#### Work item
In the data below, find every line with the string "door" and pull it out.
Records supplied: Begin
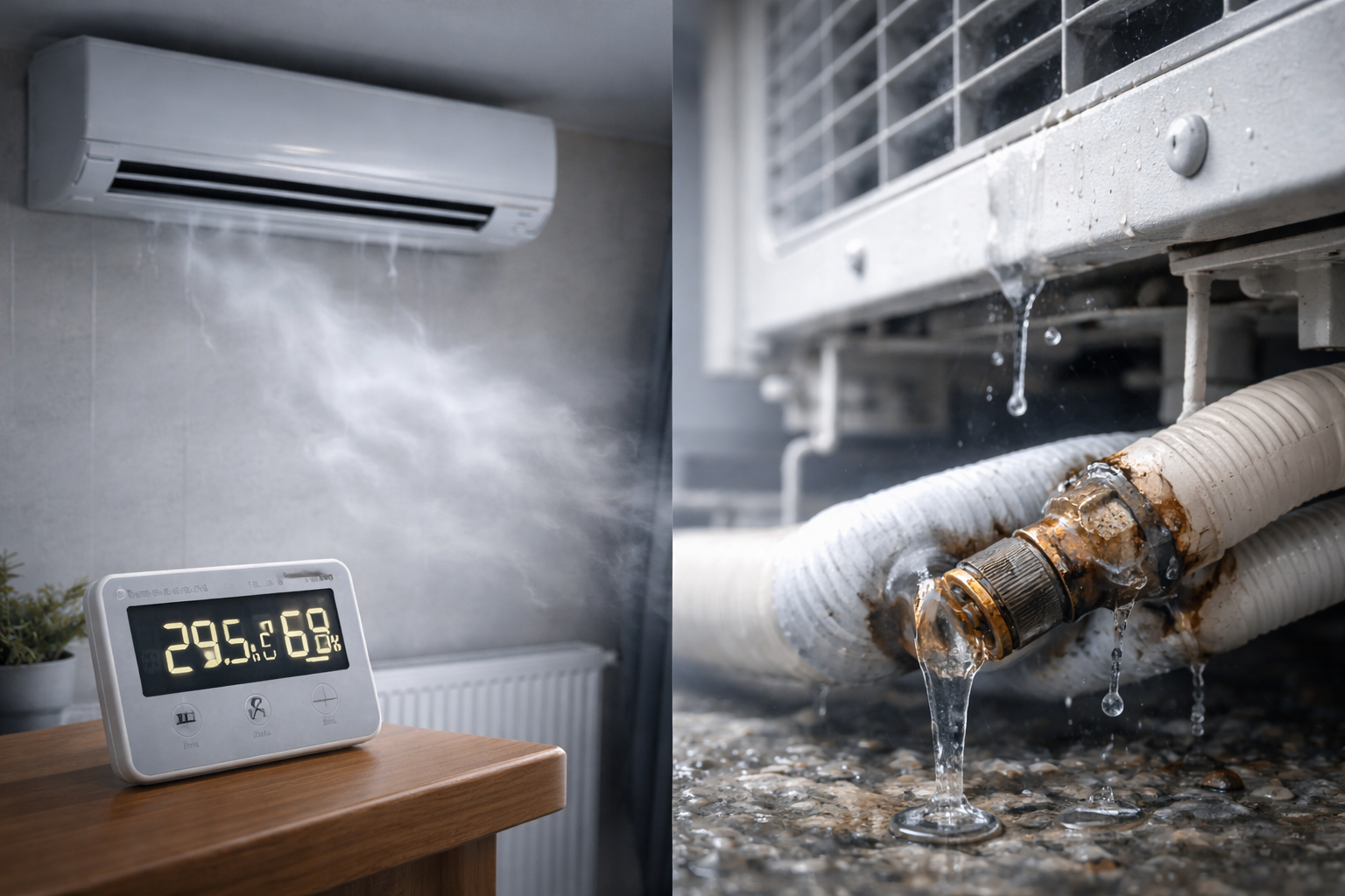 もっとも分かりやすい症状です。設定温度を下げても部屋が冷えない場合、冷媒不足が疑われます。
Records supplied: End
Records supplied: Begin
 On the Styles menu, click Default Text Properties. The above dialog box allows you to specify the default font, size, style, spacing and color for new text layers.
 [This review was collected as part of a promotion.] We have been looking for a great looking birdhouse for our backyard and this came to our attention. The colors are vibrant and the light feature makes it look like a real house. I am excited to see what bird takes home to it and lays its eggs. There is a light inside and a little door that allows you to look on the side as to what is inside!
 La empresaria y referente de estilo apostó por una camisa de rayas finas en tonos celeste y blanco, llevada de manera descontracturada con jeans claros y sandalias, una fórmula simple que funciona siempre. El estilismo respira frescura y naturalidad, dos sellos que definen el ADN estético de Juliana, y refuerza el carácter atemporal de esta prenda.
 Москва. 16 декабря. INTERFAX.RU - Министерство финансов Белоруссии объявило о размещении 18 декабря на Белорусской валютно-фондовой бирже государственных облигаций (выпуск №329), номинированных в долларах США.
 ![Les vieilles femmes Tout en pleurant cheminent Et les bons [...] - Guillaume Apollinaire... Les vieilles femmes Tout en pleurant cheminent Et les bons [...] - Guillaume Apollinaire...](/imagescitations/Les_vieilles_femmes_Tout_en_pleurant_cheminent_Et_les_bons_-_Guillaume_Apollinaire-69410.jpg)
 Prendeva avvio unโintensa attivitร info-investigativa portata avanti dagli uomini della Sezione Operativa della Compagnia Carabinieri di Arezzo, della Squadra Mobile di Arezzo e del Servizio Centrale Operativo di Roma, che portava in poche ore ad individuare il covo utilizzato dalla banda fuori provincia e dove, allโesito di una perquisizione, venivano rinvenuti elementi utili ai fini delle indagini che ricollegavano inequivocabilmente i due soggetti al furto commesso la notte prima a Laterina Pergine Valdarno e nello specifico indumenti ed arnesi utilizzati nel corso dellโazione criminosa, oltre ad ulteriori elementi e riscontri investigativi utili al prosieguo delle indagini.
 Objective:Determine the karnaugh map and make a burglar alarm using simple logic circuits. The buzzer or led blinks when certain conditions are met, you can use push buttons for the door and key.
Records supplied: End
#### Solution
 [This review was collected as part of a promotion.] We have been looking for a great looking birdhouse for our backyard and this came to our attention. The colors are vibrant and the light feature makes it look like a real house. I am excited to see what bird takes home to it and lays its eggs. There is a light inside and a little door that allows you to look on the side as to what is inside!
 Objective:Determine the karnaugh map and make a burglar alarm using simple logic circuits. The buzzer or led blinks when certain conditions are met, you can use push buttons for the door and key.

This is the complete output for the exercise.